---- Supplied material
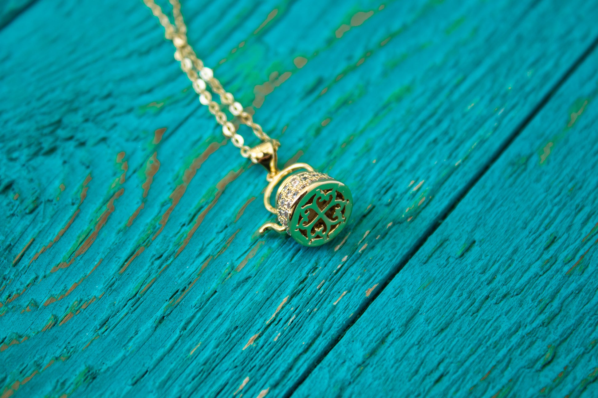 Stainless Steel & Cubic Zirconia Teapot Necklace – Gold Finish
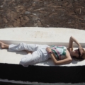 The Gomera scarf measures 80 x 80 cm. Made from lyocell, a natural wood-fiber-based material, it can be worn in a variety of ways.
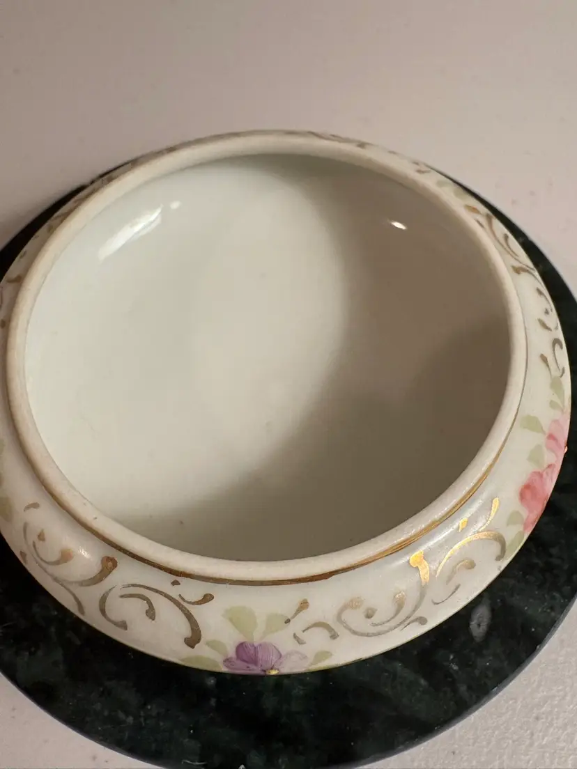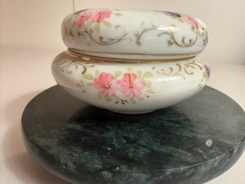 Very delicate floral design on this lovely trinket box. 2 1/2” across and 2” tall.
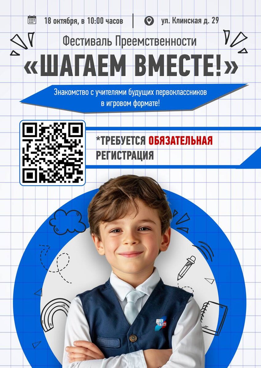 🧑 «Шагаем Вместе» — приглашаем на Фестиваль преемственности! Дорогие родители будущих первоклассников! Приглашаем вас и ваших детей на увлекательный фестиваль преемственности «Шагаем Вместе», который состоится в субботу, 18 октября, в 10:00 по адресу: ул. Клинская, д. 29. 💫 Мероприятие пройдет в формате игры по станциям, оно будет интересным и полезным для всех участников. Вас ждут разнообразные активности и задания, которые помогут вашему ребенку лучше адаптироваться к школе и подготовиться к новому учебному году. У вас также будет возможность задать вопросы и получить советы от опытных педагогов. ✔️ Не забудьте зарегистрироваться по ссылке. Ждем вас на нашем фестивале! Пусть этот день станет незабываемым и полезным для всей семьи! #ДОНМ #ШколыКолледжиМосквы #Школа1474 #ШагаемВместе
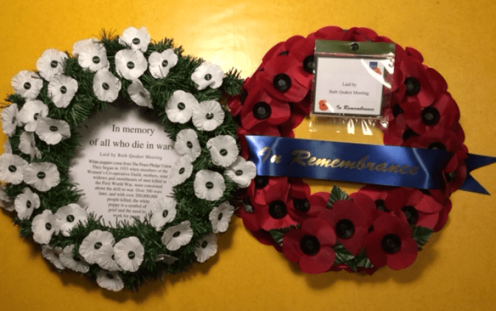 On Sunday 11 Nov – the 100th anniversary of WWI Armistice Day – Bath Quakers again take part in the civic and military commemoration at the Bath war memorial. This year we will lay two wreaths joined together: one of white and one of red poppies.
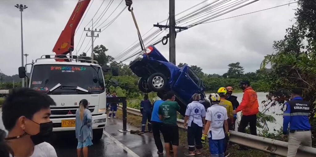 ภูเก็ต 29 พ.ค. – ฝนตกถนนลื่น หญิงวัย 53 ปี ขับรถเสียหลักตกขุมน้ำริมถนนพระภูเก็ตแก้ว เสียชีวิตอยู่ภายในรถ เจ้าหน้าที่ใช้รถเครนยกขึ้นมาจากน้ำ ลูกชายและลูกสาวมาเฝ้าดูด้วยความโศกเศร้า
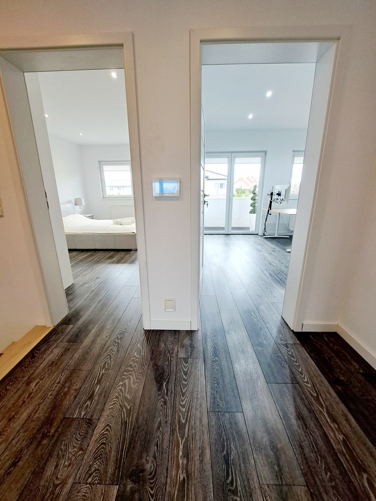 * 4 pokoje : obecnie 2 sypialnie i 2 gabinety rozmieszczone po obu stronach korytarza
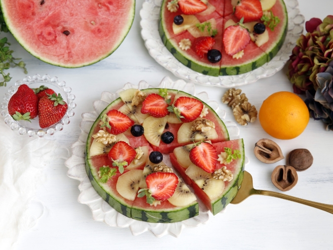 パーティーにもぴったり!華やかな見た目の「スイカピザ」
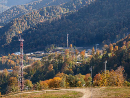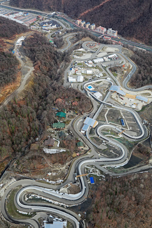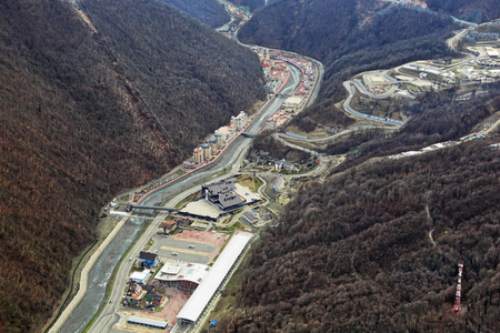 SOCHI, RUSSIA - MAR 02, 2014: Krasnaya Polyana - alpine ski Resort, venue for the 2014 winter sports competitions. The sliding center Sanki, top view
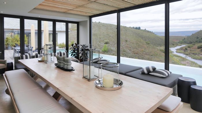 Riverfront country living in Elgin Valley amid orchards and renowned wine estates, with a manicured indigenous garden and olive grove — five en‑suite bedrooms and pool.
--------
● **Try it**:
The preceding entries should be duplicated word for word; no picture belongs in the copy.

● **Solution to this exercise**:
 Stainless Steel & Cubic Zirconia Teapot Necklace – Gold Finish
 The Gomera scarf measures 80 x 80 cm. Made from lyocell, a natural wood-fiber-based material, it can be worn in a variety of ways.
 Very delicate floral design on this lovely trinket box. 2 1/2” across and 2” tall.
 🧑 «Шагаем Вместе» — приглашаем на Фестиваль преемственности! Дорогие родители будущих первоклассников! Приглашаем вас и ваших детей на увлекательный фестиваль преемственности «Шагаем Вместе», который состоится в субботу, 18 октября, в 10:00 по адресу: ул. Клинская, д. 29. 💫 Мероприятие пройдет в формате игры по станциям, оно будет интересным и полезным для всех участников. Вас ждут разнообразные активности и задания, которые помогут вашему ребенку лучше адаптироваться к школе и подготовиться к новому учебному году. У вас также будет возможность задать вопросы и получить советы от опытных педагогов. ✔️ Не забудьте зарегистрироваться по ссылке. Ждем вас на нашем фестивале! Пусть этот день станет незабываемым и полезным для всей семьи! #ДОНМ #ШколыКолледжиМосквы #Школа1474 #ШагаемВместе
 On Sunday 11 Nov – the 100th anniversary of WWI Armistice Day – Bath Quakers again take part in the civic and military commemoration at the Bath war memorial. This year we will lay two wreaths joined together: one of white and one of red poppies.
 ภูเก็ต 29 พ.ค. – ฝนตกถนนลื่น หญิงวัย 53 ปี ขับรถเสียหลักตกขุมน้ำริมถนนพระภูเก็ตแก้ว เสียชีวิตอยู่ภายในรถ เจ้าหน้าที่ใช้รถเครนยกขึ้นมาจากน้ำ ลูกชายและลูกสาวมาเฝ้าดูด้วยความโศกเศร้า
 * 4 pokoje : obecnie 2 sypialnie i 2 gabinety rozmieszczone po obu stronach korytarza
 パーティーにもぴったり!華やかな見た目の「スイカピザ」
 SOCHI, RUSSIA - MAR 02, 2014: Krasnaya Polyana - alpine ski Resort, venue for the 2014 winter sports competitions. The sliding center Sanki, top view
 Riverfront country living in Elgin Valley amid orchards and renowned wine estates, with a manicured indigenous garden and olive grove — five en‑suite bedrooms and pool.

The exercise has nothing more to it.